Content starts

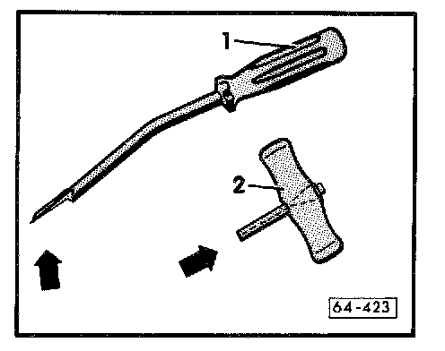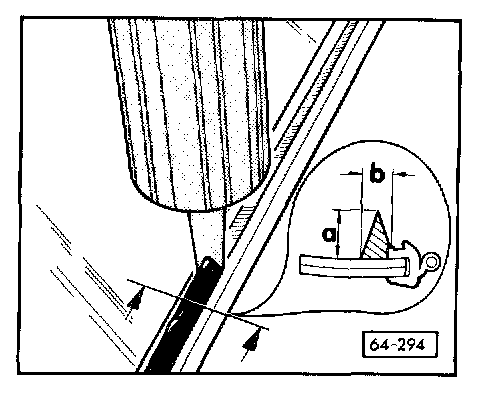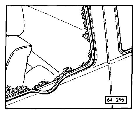 - Push awl (from VAG 1474) through sealing bead from inside vehicle.
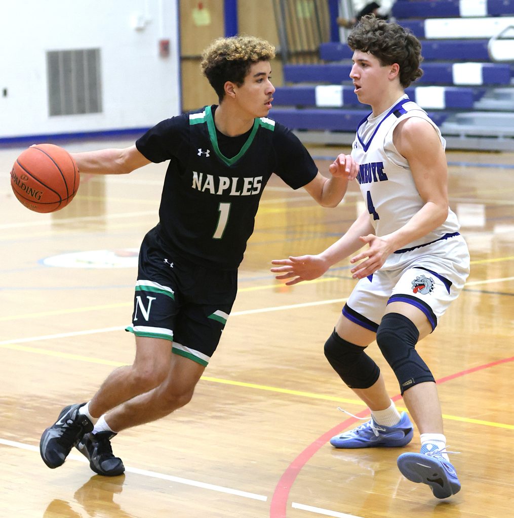 In the completion of a suspended game, Landon Washburn scored 17 of his game-high 31 points in the second half as No. 10 NYSSWA Class C Honeoye outscored Naples 37-20 in that half en route to the Bulldogs’ third straight win. Washburn tacked on 12 rebounds and eight assists to his line in the win. Braiden Schneider added 20 points and seven assists for Honeoye. Dylan Washburn also got into double figures for the Bulldogs with a double-double, notching 15 points and 10 rebounds. Other scorers for Honeoye included Kyle Schmitt (1), Kevin Schmitt (3) and Eli Stumbo (2), with Stumbo also grabbing eight rebounds. Naples was led by Isaac Ward with 18 points. Collin Kenney and Maddox Mannella also got into double figures with 12 and 10 respectively. Other scorers included Donovan Lincoln (3), Rowan Biggs (3) and Connor Betrus with eight points and 11 rebounds.
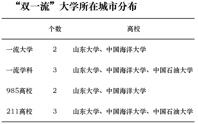 知名大学的创新活力影响和带动城市的创新活力水平。山东半岛城市群“双一流”大学共有2所,分布在济南和青岛,代表这两个城市创新活力较强。
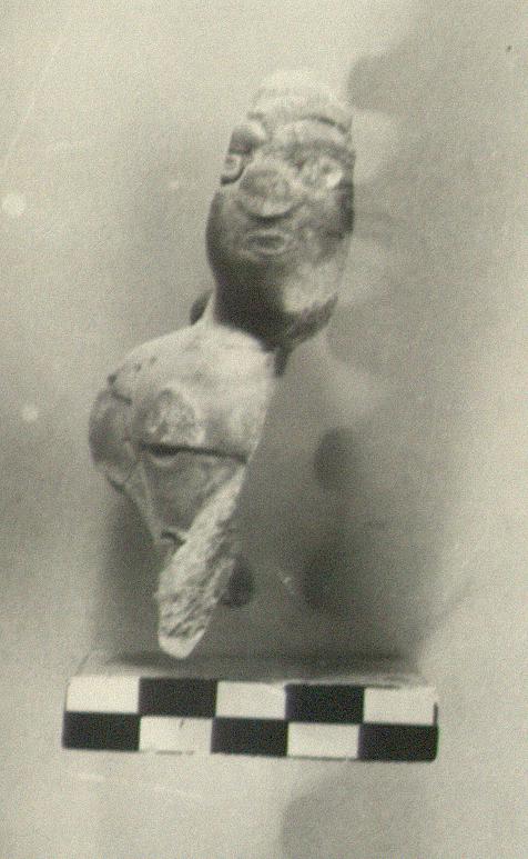 | Description: | Head broken away behind and a little on either side. Right half preserved; broken below. Grooves for eyebrows. White paint in eyes. Trace of red paint on top of head. Red micaceous clay. | |
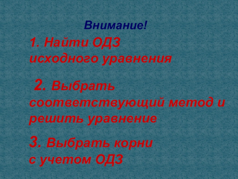 Внимание!3. Выбрать корни с учетом ОДЗ1. Найти ОДЗ исходного уравнения 2. Выбрать соответствующий метод и решить уравнение
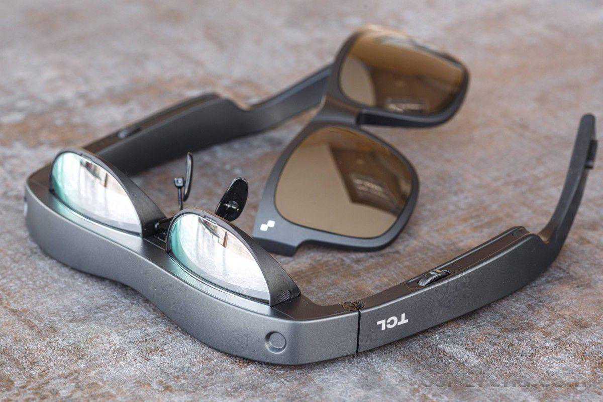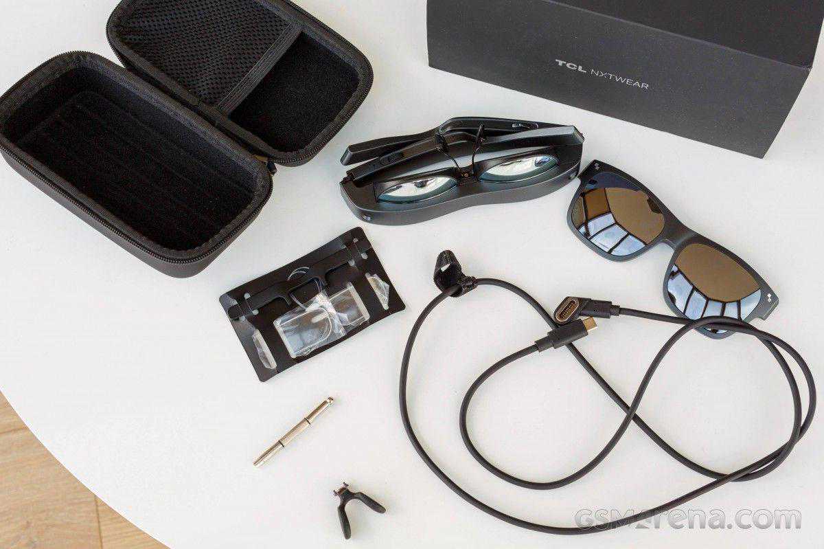 让我们从399美元购买的实际硬件开始。NXTWEARS眼镜装在一个漂亮的两件式盒子里。除了主要单位本身和其专有的磁性电缆,你还可以得到一个磁性单元对遮阳篷附加在单位的前面。这些可以在一定程度上帮助沉浸,因为他们让更少的光通过,虽然你仍然可以看到通过他们完全罚款。根据TCL的市场推广,还有另外两种可以单独购买的折叠式遮阳伞,尽管我们个人在任何地方都找不到它们。
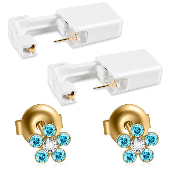CHUANCI PAIR Disposable Sterile Ear Piercing Unit Flower/Butterfly Ear Tragus Piercing Gun Home Use NO PAIN Piercer Tool Machine Kit Stud (PAIR Gold Aqua Cz Flower)
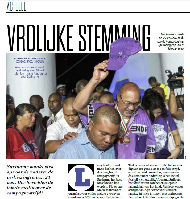 Artikel in de Varagids door Robert Alting over de Surinaamse parlementsverkiezingen van 25 mei 2015, met daarbij een van mijn foto’s.
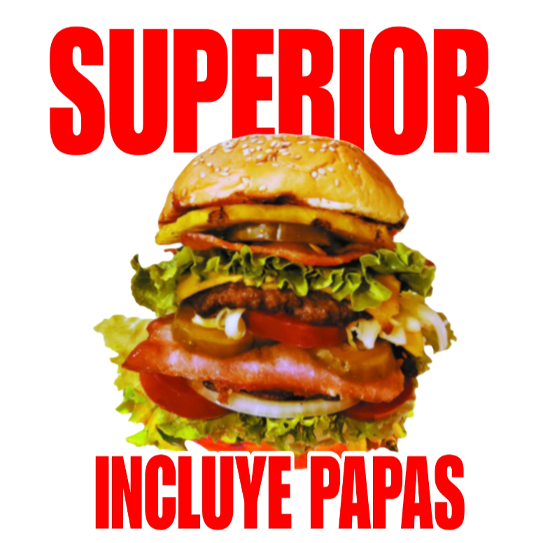 Pan brioche, carne de res envuelta en tocino queso asadero, queso amarillo, lechuga italia, jitomate y aderezos catsup y mayonesa especial
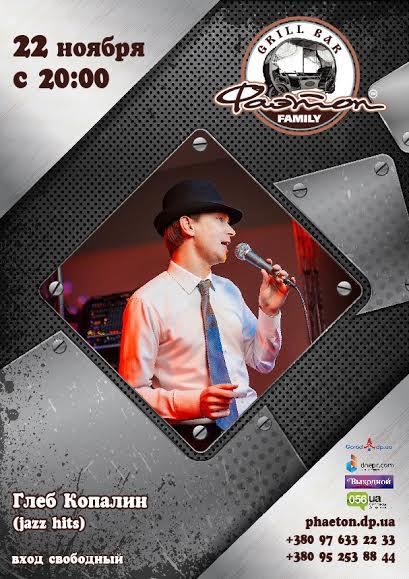 В воскресенье, 22 ноября, Гриль-бар Фаэтон с открытыми дверьми приглашает Вас на вечер артистичного и выразительного Глеба Копалина! Насыщенные jazz- и swing-композиции подарят Вам удовольствие от услышанного и увиденного! Погружайся в атмосферу тепла, комфорта и уюта вместе с гриль-баром Фаэтон.
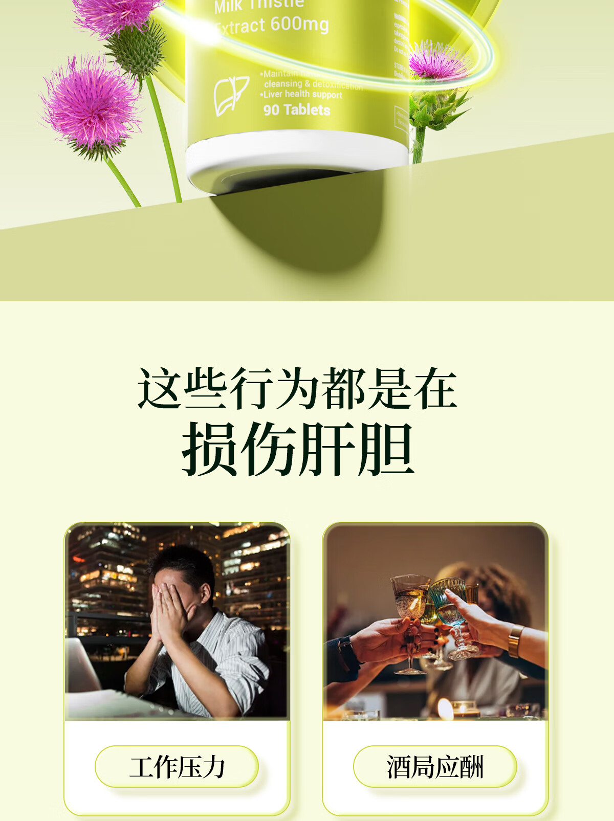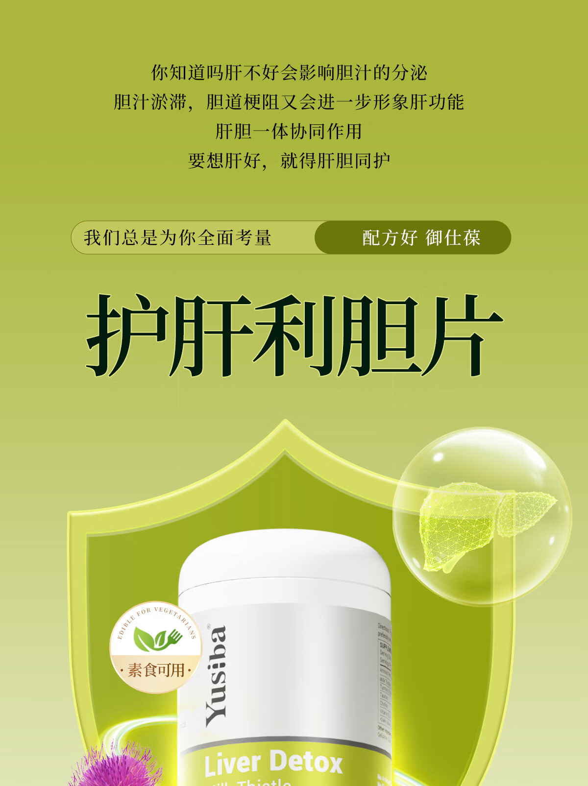 Yusiba御仕葆水飞蓟护肝片600mg90粒奶蓟净肝姜黄去脂解酒应酬黄脸熬夜 【姜黄+牛磺酸/净肝去脂】*1瓶
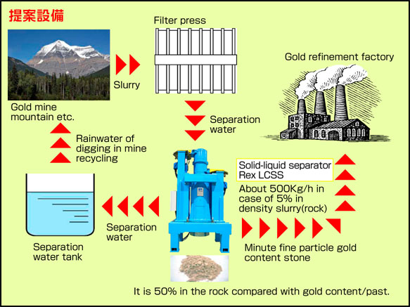 | The gold collection plant in the mine dehydrates from the gold content rock by high-pressure water with digging crushing doing and the filter press and is carried to the smelting place. Because the minute powder gold of the macro size flows out to the river by the distance with the filter press, it is a proposal of the thing to collect the minute powder gold. |
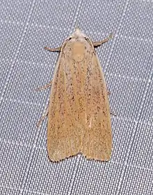 This moth has mottled brown forewings and white hind wings that are hidden when the moth is at rest.[3] The body is stout and the wingspan is about 35 mm.
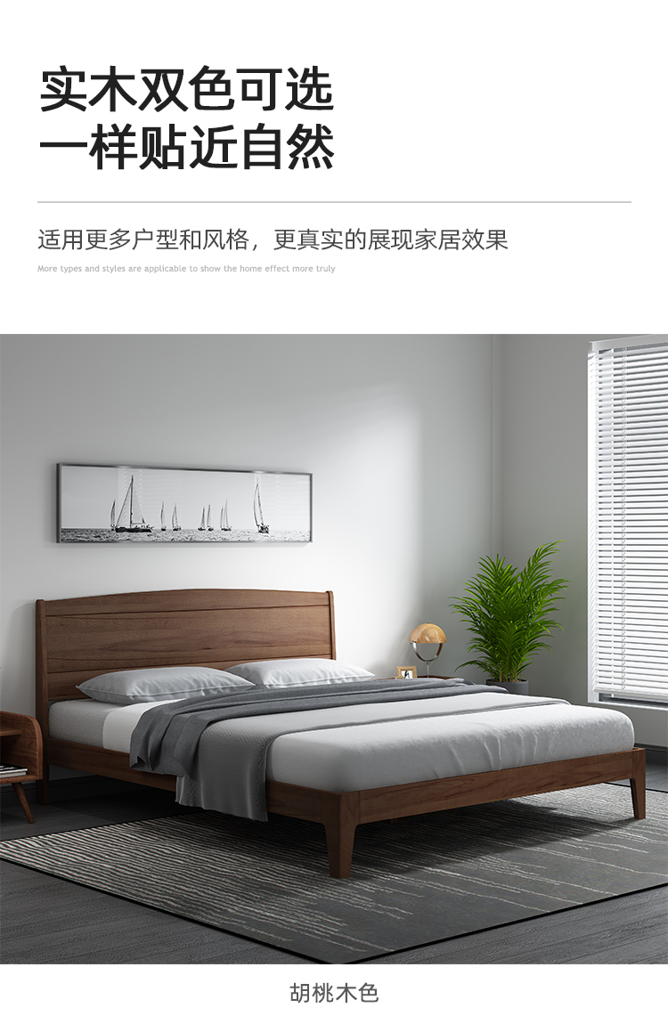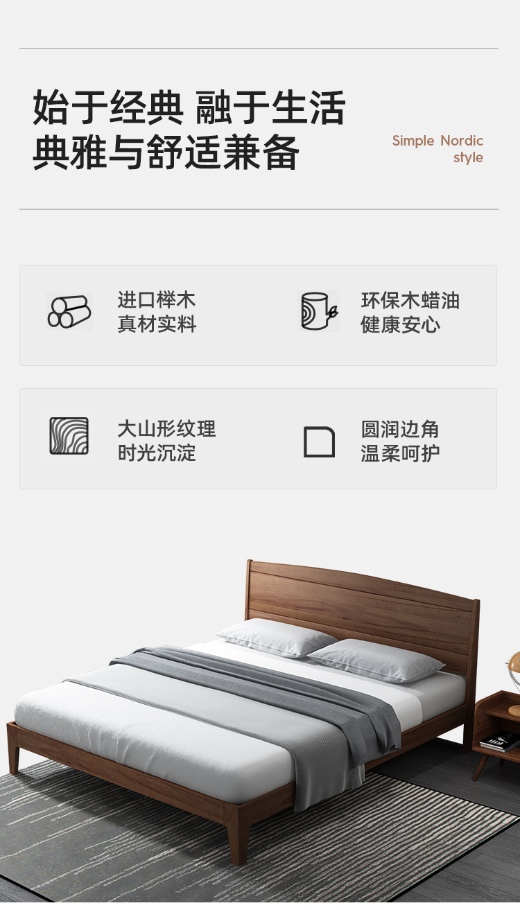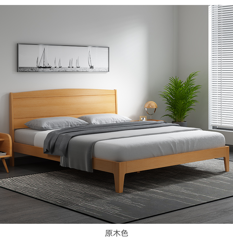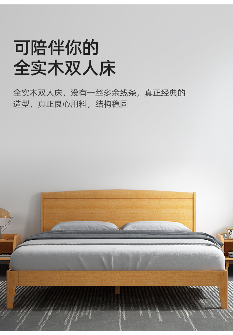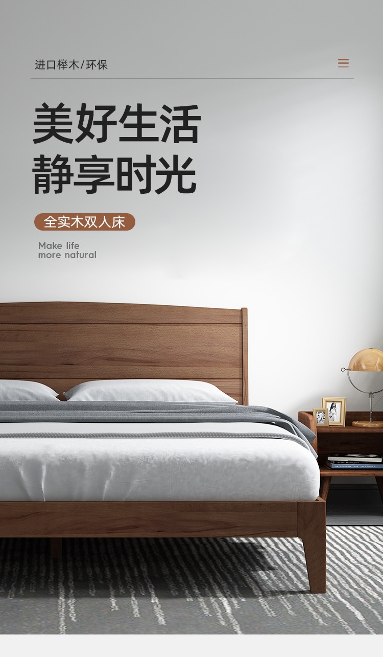 商品名称:百纯家具全实木床卧室1.8米榉木床北欧床现代简约1.5主卧双人床QC

Content ends

→ Your task
A faithful, word-for-word copy of the data is needed; the pictures should not appear in it.

→ Written answer
 - Push awl (from VAG 1474) through sealing bead from inside vehicle.
 In the completion of a suspended game, Landon Washburn scored 17 of his game-high 31 points in the second half as No. 10 NYSSWA Class C Honeoye outscored Naples 37-20 in that half en route to the Bulldogs’ third straight win. Washburn tacked on 12 rebounds and eight assists to his line in the win. Braiden Schneider added 20 points and seven assists for Honeoye. Dylan Washburn also got into double figures for the Bulldogs with a double-double, notching 15 points and 10 rebounds. Other scorers for Honeoye included Kyle Schmitt (1), Kevin Schmitt (3) and Eli Stumbo (2), with Stumbo also grabbing eight rebounds. Naples was led by Isaac Ward with 18 points. Collin Kenney and Maddox Mannella also got into double figures with 12 and 10 respectively. Other scorers included Donovan Lincoln (3), Rowan Biggs (3) and Connor Betrus with eight points and 11 rebounds.
 知名大学的创新活力影响和带动城市的创新活力水平。山东半岛城市群“双一流”大学共有2所,分布在济南和青岛,代表这两个城市创新活力较强。
 | Description: | Head broken away behind and a little on either side. Right half preserved; broken below. Grooves for eyebrows. White paint in eyes. Trace of red paint on top of head. Red micaceous clay. | |
 Внимание!3. Выбрать корни с учетом ОДЗ1. Найти ОДЗ исходного уравнения 2. Выбрать соответствующий метод и решить уравнение
 让我们从399美元购买的实际硬件开始。NXTWEARS眼镜装在一个漂亮的两件式盒子里。除了主要单位本身和其专有的磁性电缆,你还可以得到一个磁性单元对遮阳篷附加在单位的前面。这些可以在一定程度上帮助沉浸,因为他们让更少的光通过,虽然你仍然可以看到通过他们完全罚款。根据TCL的市场推广,还有另外两种可以单独购买的折叠式遮阳伞,尽管我们个人在任何地方都找不到它们。
CHUANCI PAIR Disposable Sterile Ear Piercing Unit Flower/Butterfly Ear Tragus Piercing Gun Home Use NO PAIN Piercer Tool Machine Kit Stud (PAIR Gold Aqua Cz Flower)
 Artikel in de Varagids door Robert Alting over de Surinaamse parlementsverkiezingen van 25 mei 2015, met daarbij een van mijn foto’s.
 Pan brioche, carne de res envuelta en tocino queso asadero, queso amarillo, lechuga italia, jitomate y aderezos catsup y mayonesa especial
 В воскресенье, 22 ноября, Гриль-бар Фаэтон с открытыми дверьми приглашает Вас на вечер артистичного и выразительного Глеба Копалина! Насыщенные jazz- и swing-композиции подарят Вам удовольствие от услышанного и увиденного! Погружайся в атмосферу тепла, комфорта и уюта вместе с гриль-баром Фаэтон.
 Yusiba御仕葆水飞蓟护肝片600mg90粒奶蓟净肝姜黄去脂解酒应酬黄脸熬夜 【姜黄+牛磺酸/净肝去脂】*1瓶
 | The gold collection plant in the mine dehydrates from the gold content rock by high-pressure water with digging crushing doing and the filter press and is carried to the smelting place. Because the minute powder gold of the macro size flows out to the river by the distance with the filter press, it is a proposal of the thing to collect the minute powder gold. |
 This moth has mottled brown forewings and white hind wings that are hidden when the moth is at rest.[3] The body is stout and the wingspan is about 35 mm.
 商品名称:百纯家具全实木床卧室1.8米榉木床北欧床现代简约1.5主卧双人床QC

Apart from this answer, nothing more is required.